Refining Query Representations for Dense Retrieval at Test Time

Dense retrieval uses a contrastive learning framework to learn dense representations of queries and contexts. Trained encoders are directly used for each test query, but they often fail to accurately represent out-of-domain queries. In this paper, we introduce a framework that refines instance-level query representations at test time, with only the signals coming from the intermediate retrieval results. We optimize the query representation based on the retrieval result similar to pseudo relevance feedback (PRF) in information retrieval. Specifically, we adopt a cross-encoder labeler to provide pseudo labels over the retrieval result and iteratively refine the query representation with a gradient descent method, treating each test query as a single data point to train on. Our theoretical analysis reveals that our framework can be viewed as a generalization of the classical Rocchio's algorithm for PRF, which leads us to propose interesting variants of our method. We show that our test-time query refinement strategy improves the performance of phrase retrieval (+8.1% Acc@1) and passage retrieval (+3.7% Acc@20) for open-domain QA with large improvements on out-of-domain queries.

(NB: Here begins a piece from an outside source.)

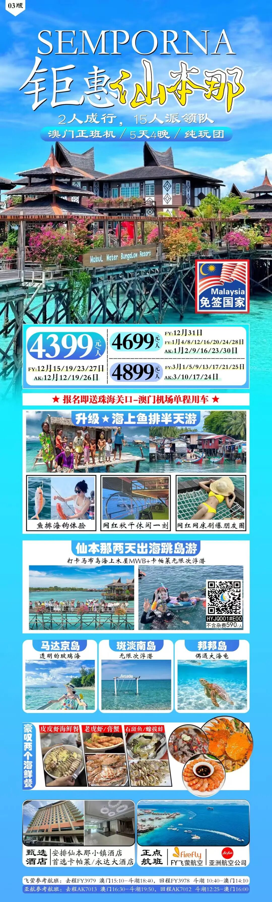 参考航班:FY3978 斗湖 10:40-澳门 14:10//AK7012 斗湖 12:25-澳门 16:00
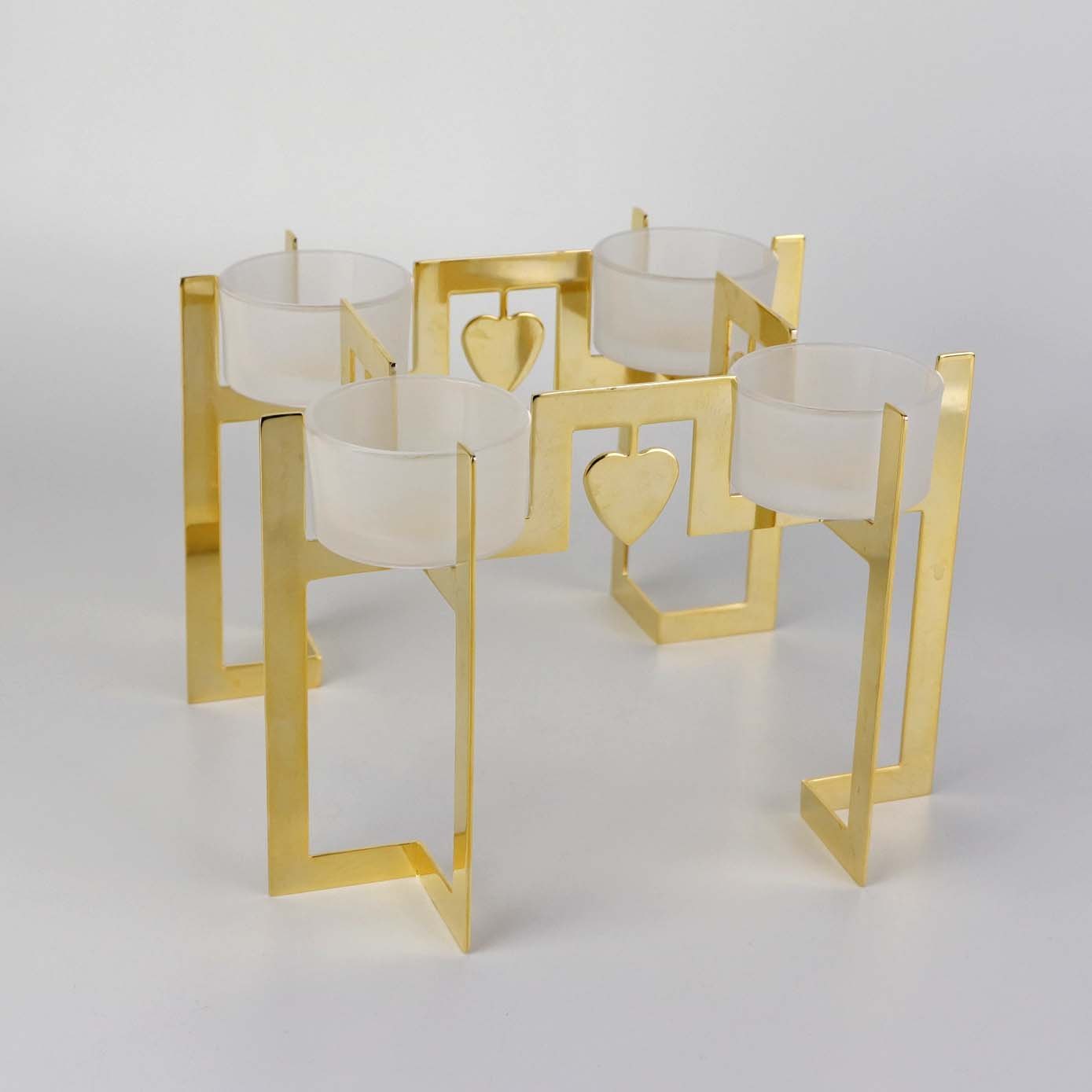 Forgyldt lysestage til advent som kan bruges til både fyrfadslys og kronelys fra serien Golden Christmas. Stagen kommer i original boks.

BERN2: an advanced neural biomedical named entity recognition and normalization tool

In biomedical natural language processing, named entity recognition (NER) and named entity normalization (NEN) are key tasks that enable the automatic extraction of biomedical entities (e.g., diseases and chemicals) from the ever-growing biomedical literature. In this paper, we present BERN2 (Advanced Biomedical Entity Recognition and Normalization), a tool that improves the previous neural network-based NER tool (Kim et al., 2019) by employing a multi-task NER model and neural network-based NEN models to achieve much faster and more accurate inference. We hope that our tool can help annotate large-scale biomedical texts more accurately for various tasks such as biomedical knowledge graph construction.